Five unique 3D models were produced using a CT quality control phantom (model 137856101, GE Healthcare, Waukesha WI USA) with fiducial markers (CT/MRI 2 mm center hole Multi-modality marker, MM3002, Izi Medical Products, Owings Mills, MD USA). The fiducial markers had an adhesive to allow for adjustment on the surface of the CT phantom. For each trial of the CT phantom, fiducial markers were adjusted to provide new distances in each of the orthogonal directions.
The distances were measured using electronic digital calipers (model 01407A, Neiko Tools, Henan, China). These measurements were set as the gold standard (GS), aiming to reproduce measurements gathered in clinical settings such as those via surgical ruler or calipers. The calipers’ product information reports precise measurements with resolution of 0.01mm and accurate measurements to 0.02mm. FIGURES 1,2. A total of six measurements between fiducial markers were made for each model CT phantom: two in the x-direction, two in the y-direction and two in the z-direction by one observer. The observer was trained to measure the shortest distance between fiducial markers set in the orthogonal directions (x, y, z) using the inside calipers.
CT scans of the phantom were obtained using the Head CT quality control phantom settings (5mm slice thickness, 134mAs, 22.7cm DFOV, 0.516:1 pitch) with 0.625cm x 0.625cm x 0.625cm voxels on a GE Lightspeed CT scanner (GE Healthcare, Waukesha WI USA) and stored as DICOM files within our AGFA IMPAX version 6.7.0.3502 “site” Picture Archiving and Communication System (PACS), (AGFA, Mortsel, Belgium). The DICOM files obtained were converted into 3D phantom models, and measurements were made on the AGFA-PACS. The observer was trained to measure the shortest distance between the outer edges fiducial markers using only the “ruler” found within PACS. FIGURE 3.Additionally, the observer had access to axial, sagittal and coronal views to project views of fiducial markers in their most appropriate planes.
Open-source software programs Horos (Purview, Annapolis, MD USA) and Blender (Stichting Blender Foundation, Amsterdam, Netherlands) were used to translate DICOM files into a 3D image. The 3D images were adapted and loaded onto the AR HMD platform using a C# programming language-based code on the Unity Platform (Unity Technologies, San Francisco, CA USA).The AR HMD used for this study was the Hololens 1 (Microsoft, Redmond, WA USA) OS version 10.0.14393.1358. The settings for HoloLens projections were set to default factory settings with the exception of distance of initial hologram projection set to 30cm from HoloLens. This was done to project the hologram within approximately arm’s length of the user. The hologram was manipulated via rotation and translation without scaling size to obtain best views of markers. FIGURE 4 (with supplemental video) demonstrates a side-by-side comparison of the CT phantom and its hologram. The 3D models were projected as holograms and the distances between the projected fiducial markers were measured by the same observer as GS measurements. Using the built-in AR HMD capabilities, the hologram was pinned to a table where the calipers could be laid flatly to make the measurements, FIGURE 5. These measurements are known as Holo measurements.

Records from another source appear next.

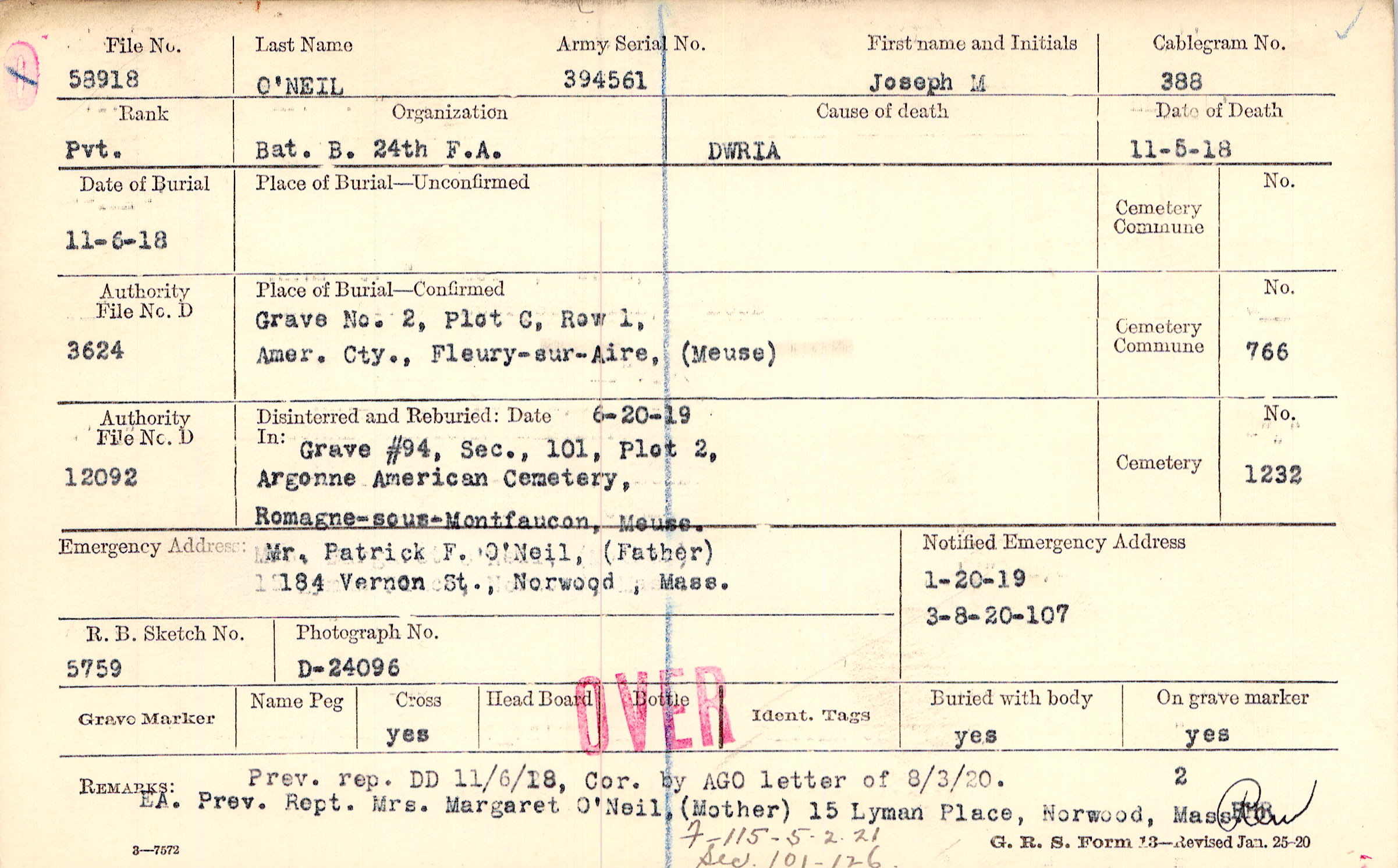 Mr. Patrick F. O'Neil, (Father), 184 Vernon St., Norwood, Mass.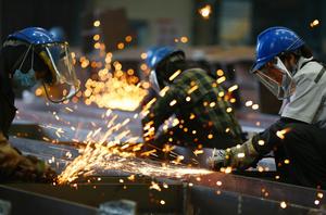 (251002) -- BEIJING, 2 octubre, 2025 (Xinhua) -- Trabajadores esmerilan componentes de acero en un taller, en la ciudad de Tengzhou, en la provincia de Shandong, en el este de China, el 2 de octubre de 2025. Trabajadores de todos los ámbitos de la vida se han mantenido firmes en sus puestos y han cumplido con sus deberes con total dedicación durante los ocho días de vacaciones por el Día Nacional y el Festival del Medio Otoño. (Xinhua/Li Zhijun) (jg) (ah) (ce)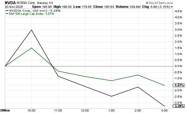 But the market turned mid-morning. The S&P finished the day down 1.5% with Nvidia down more than 3%.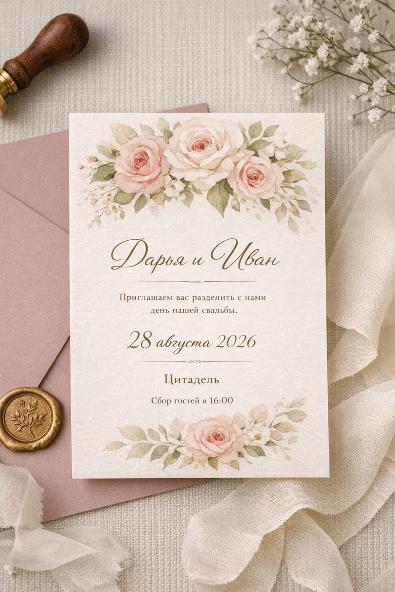 Я всегда говорю своим парам: пригласительные – это не просто карточка с датой. Это первое касание вашей свадьбы. Именно с них начинается ощущение праздника. Ещё до платья, до площадки, до музыки – гости получают приглашение и уже примерно понимают, какой будет этот день. По пригласительным считывается всё: настроение, стиль, даже ваше отношение к деталям. И да, маленький организационный момент, о котором часто забывают: приглашения не делаются в последний момент. Обычно к ним приходят, когда уже понятны формат свадьбы и список гостей – как раз на этапе активной подготовки. Здесь нет правильного или неправильного варианта – есть тот, который подходит именно вашей свадьбе и вашим гостям. Бумажные пригласительные Это то самое «ощущение свадьбы в руках». Конверты, фактура бумаги, каллиграфия, иногда сургуч – всё это добавляет ценности моменту. Электронные пригласительные Практично, быстро и очень гибко. Это может быть красиво оформленный файл, анимация или даже мини-видео. Гибридный формат

A power analysis was performed using SAS University Edition (SAS Institute Inc., Cary, NC). This demonstrated that for paired t-test (ɑ=0.05) with a sample size of n=30 per group, the power would be 80% in detecting a difference of 0.3mm. In a previous study assessing accuracy and reliability of CT measurement, max difference was observed in this range (11); the authors opted to detect a difference of this magnitude using this sample size in consideration of available time, resources and training in both PACS and holo measurements.

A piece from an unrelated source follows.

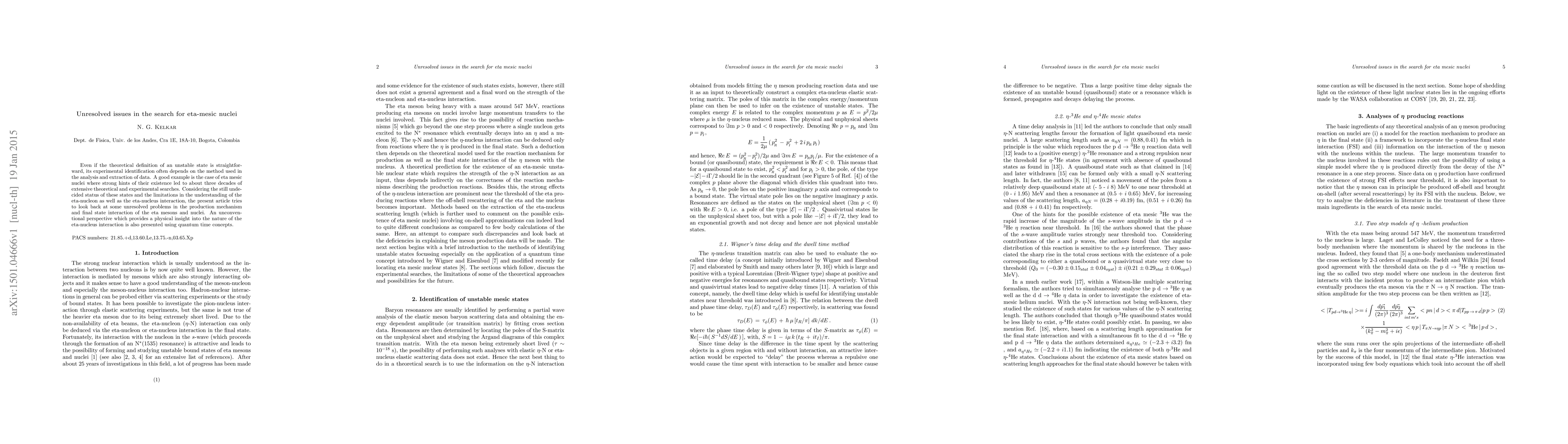 Even if the theoretical definition of an unstable state is straightforward, its experimental identification often depends on the method used in the analysis and extraction of data. A good example is the case of eta mesic nuclei where strong hints of their existence led to about three decades of extensive theoretical and experimental searches. Considering the still undecided status of these states and the limitations in the understanding of the eta-nucleon as well as the eta-nucleus interaction, the present article tries to look back at some unresolved problems in the production mechanism and final state interaction of the eta mesons and nuclei. An unconventional perspective which provides a physical insight into the nature of the eta-nucleus interaction is also presented using quantum time concepts.

Since DICOM and PACS have become standard in the clinical radiology workspace, the assessment of accuracy and precision of the Holo measurements were set against this standard (12). To determine accuracy, the absolute error from the GS was gathered for PACS and Holo measurements. To compare the means and distributions of the absolute error, a two-tailed t-test was employed. For the assessment of precision, a right-tailed chi-square test of variance was used, where the PACS absolute error variance is set as the null. Additionally, a root-mean-square error was calculated for a series of repeated measurements made in each orthogonal direction (n=15).